Vacuum out your drawers four times a year, and take that opportunity to clean your cutlery tray as well.

Wash your trashcans - not just the one in your kitchen, but that one does tend to get the dirtiest - four times a year as well. Either rinse them out with a hose if you have a garden, or just shower them down.

Replace your tea towels every week if you use them to actively dry your dishes from soaking wet. If you let your dishes air dry and only use your towels to dry the few wet spots left, you can wash them every other week.

I hope this all is not too overwhelming. Like I said, cleaning the kitchen can be a nightmare. If you take out 5-10 minutes each evening after dinner, however, you can already

get a lot done. Listen to your favourite song twice or thrice (depending on how long it is) while cleaning and it’ll make a huge difference.

I hope to see you here again next edition when we’ll discuss your study space!

Do you only have the energy to do one single thing mentioned in this article? Do your dishes daily so they don’t pile up.
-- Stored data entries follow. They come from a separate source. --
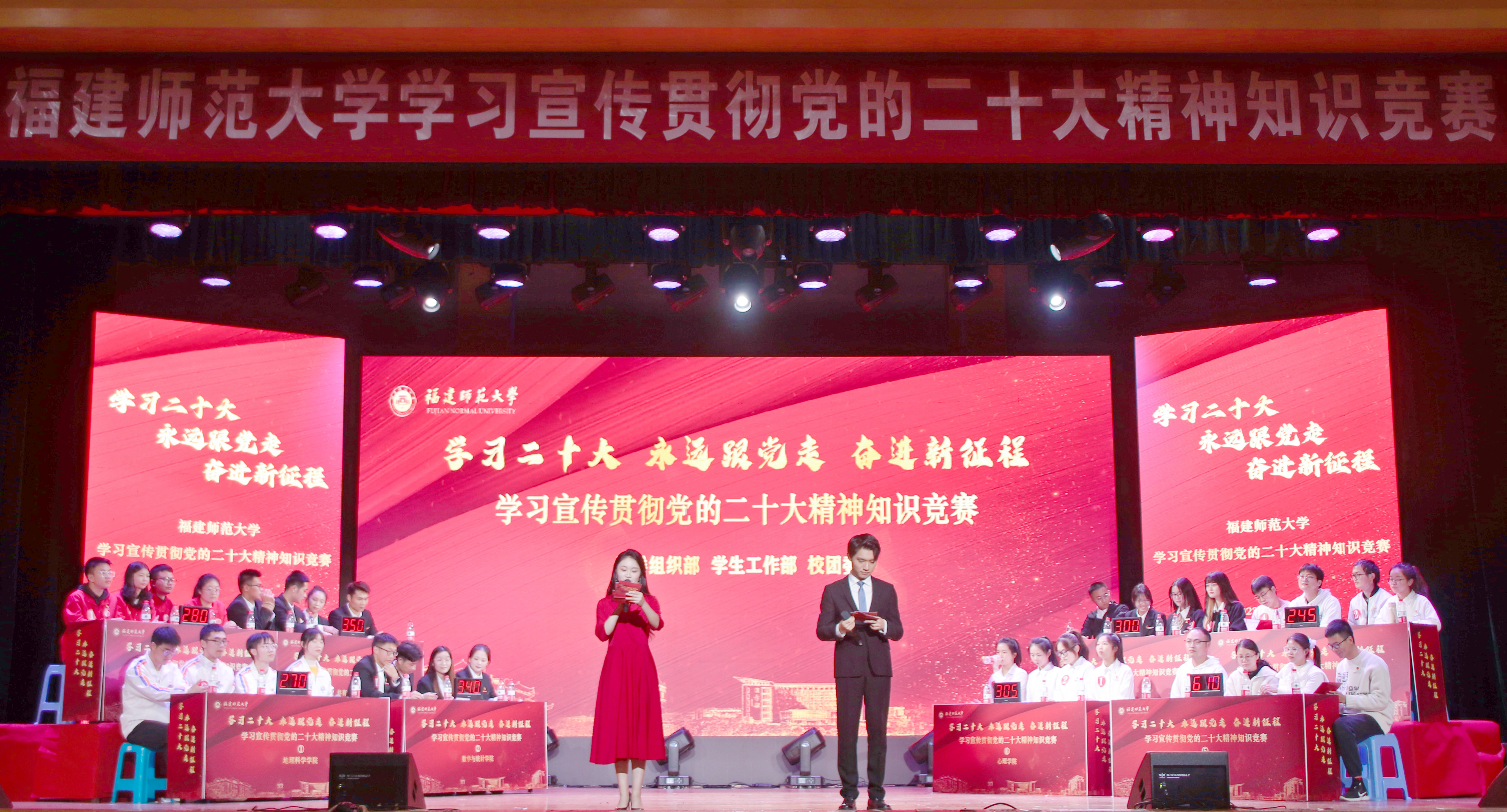 12月3日,由校党委组织部、学生工作部、团委主办的“学习二十大 永远跟党走 奋进新征程”学习宣传贯彻党的二十大精神知识竞赛决赛在旗山校区青春剧场举办。
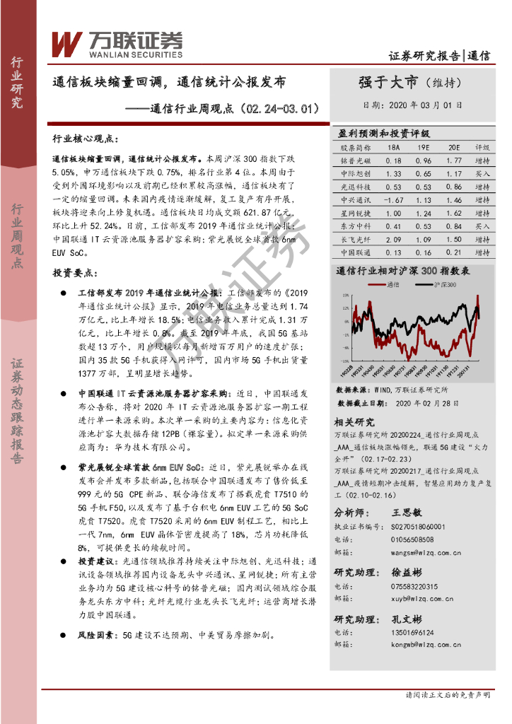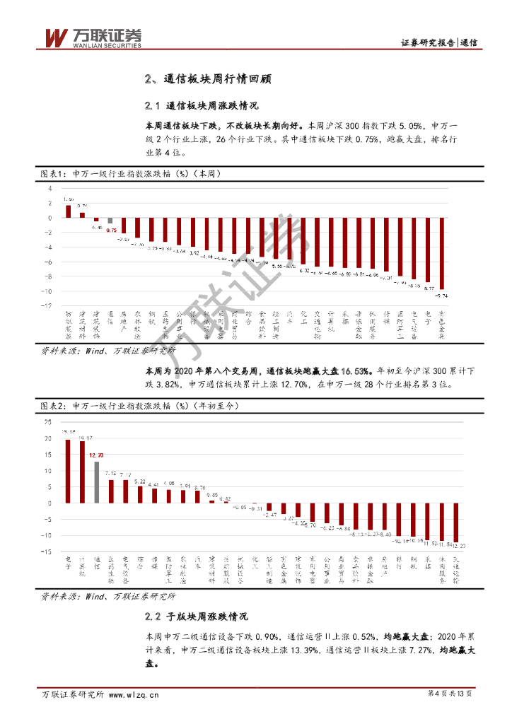 万联证券:通信行业周观点:通信板块缩量回调,通信统计公报发布.pdf
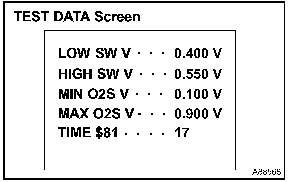 If the TEST DATA value appearing on the scantool is out of the standard value, the O2S is malfunctioning. If it is within the standard value, the O2S is functioning normally. However, if the value is on the borderline of the standard value, the O2S may malfunction very soon.
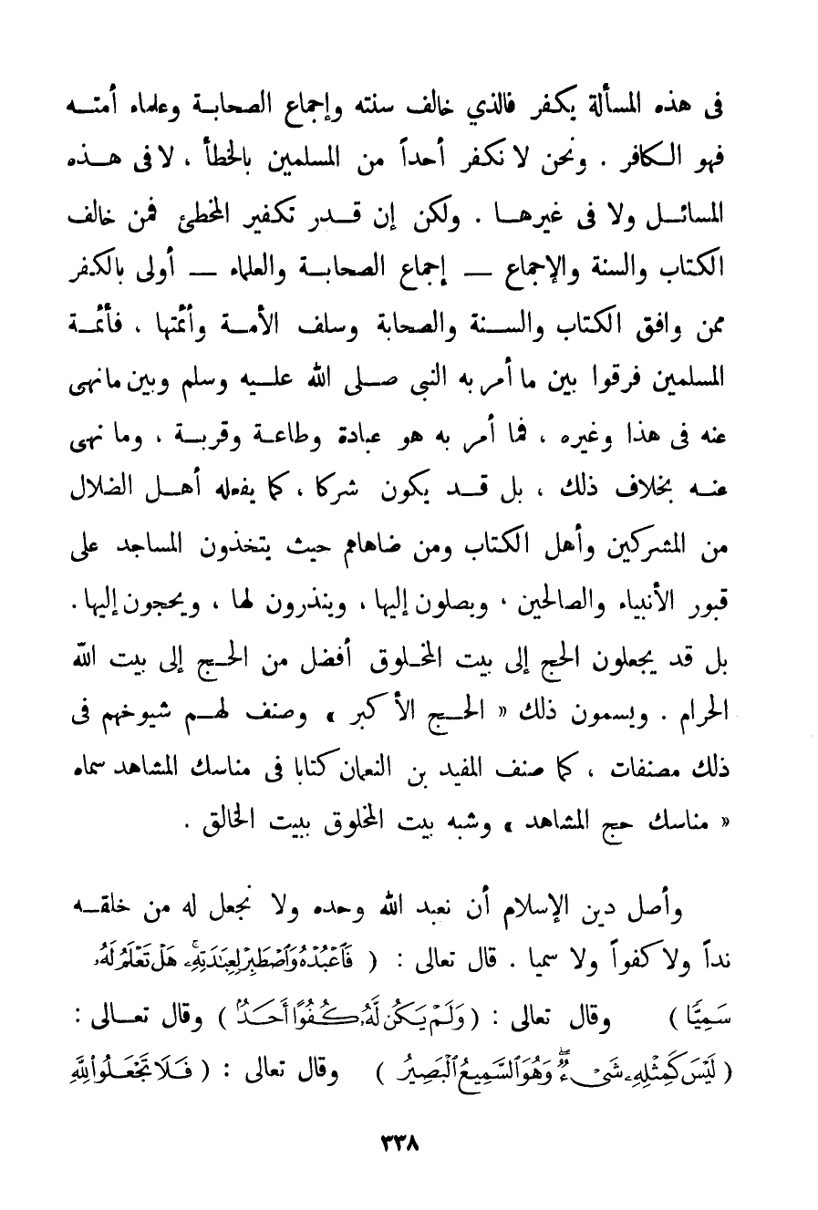 فِي هَذِهِ الْمَسْأَلَةِ يَكْفُرُ فَاَلَّذِي خَالَفَ سُنَّتَهُ وَإِجْمَاعَ الصَّحَابَةِ وَعُلَمَاءَ أُمَّتِهِ فَهُوَ الْكَافِرُ. وَنَحْنُ لَا نُكَفِّرُ أَحَدًا مِنْ الْمُسْلِمِينَ بِالْخَطَأِ لَا فِي هَذِهِ الْمَسَائِلِ وَلَا فِي غَيْرِهَا. وَلَكِنْ إنْ قُدِّرَ تَكْفِيرُ الْمُخْطِئِ فَمَنْ خَالَفَ الْكِتَابَ وَالسُّنَّةَ وَالْإِجْمَاعَ - إجْمَاعَ الصَّحَابَةِ وَالْعُلَمَاءِ - أَوْلَى بِالْكُفْرِ مِمَّنْ وَافَقَ الْكِتَابَ وَالسُّنَّةَ وَالصَّحَابَةَ وَسَلَفَ الْأُمَّةِ وَأَئِمَّتَهَا فَأَئِمَّةُ الْمُسْلِمِينَ فَرَّقُوا بَيْنَ مَا أَمَرَ بِهِ النَّبِيُّ صَلَّى اللَّهُ عَلَيْهِ وَسَلَّمَ وَبَيْنَ مَا نَهَى عَنْهُ فِي هَذَا وَغَيْرِهِ فَمَا أَمَرَ بِهِ هُوَ عِبَادَةٌ وَطَاعَةٌ وَقُرْبَةٌ وَمَا نَهَى عَنْهُ بِخِلَافِ ذَلِكَ بَلْ قَدْ يَكُونُ شِرْكًا كَمَا يَفْعَلُهُ أَهْلُ الضَّلَالِ مِنْ الْمُشْرِكِينَ وَأَهْلِ الْكِتَابِ وَمَنْ ضَاهَاهُمْ حَيْثُ يَتَّخِذُونَ الْمَسَاجِدَ عَلَى قُبُورِ الْأَنْبِيَاءِ وَالصَّالِحِينَ وَيُصَلُّونَ إلَيْهَا وَيَنْذِرُونَ لَهَا وَيَحُجُّونَ إلَيْهَا. بَلْ قَدْ يَجْعَلُونَ الْحَجَّ إلَى بَيْتِ الْمَخْلُوقِ أَفْضَلَ مِنْ الْحَجِّ إلَى بَيْتِ اللَّهِ الْحَرَامِ. وَيُسَمُّونَ ذَلِكَ " الْحَجَّ الْأَكْبَرَ " وَصَنَّفَ لَهُمْ شُيُوخُهُمْ فِي ذَلِكَ مُصَنَّفَاتٍ كَمَا صَنَّفَ الْمُفِيدُ بْنُ النُّعْمَانِ كِتَابًا فِي مَنَاسِكَ الْمَشَاهِدِ سَمَّاهُ " مَنَاسِكُ حَجِّ الْمَشَاهِدِ " وَشَبَّهَ بَيْتَ الْمَخْلُوقِ بِبَيْتِ الْخَالِقِ. وَأَصْلُ دِينِ الْإِسْلَامِ أَنْ نَعْبُدَ اللَّهَ وَحْدَهُ وَلَا نَجْعَلَ لَهُ مِنْ خَلْقِهِ نِدًّا وَلَا كُفُوًا وَلَا سَمِيًّا. قَالَ تَعَالَى: {فَاعْبُدْهُ وَاصْطَبِرْ لِعِبَادَتِهِ هَلْ تَعْلَمُ لَهُ سَمِيًّا} وَقَالَ تَعَالَى: {وَلَمْ يَكُنْ لَهُ كُفُوًا أَحَدٌ} وَقَالَ تَعَالَى: {لَيْسَ كَمِثْلِهِ شَيْءٌ وَهُوَ السَّمِيعُ الْبَصِيرُ} وَقَالَ تَعَالَى: {فَلَا تَجْعَلُوا

How to use the cleaning schedule?

This article is accompanied by the fourth of 6 cleaning schedules, one per area in your house. The use of this schedule is simple: print it out, put it somewhere easily accessible but out of sight (on the inside of a cupboard door, for example), and put a pen near it. Each time you clean your fridge, write down the ..[date].. / ..[month].. (or the other way around, for you Americans) on the dotted lines for reference, so you can keep track! For the once-a-year thing, you can either just cross it off with a checkmark or write down the date there as well for next year, that it’s somewhat balanced (so you dont do it in November and then January of the next year, but instead in June of both years). For the oncea-week thing, you can just cross off the number of the week you have done this. The area marked in dark red is specifically laundry, the rest is general cleaning!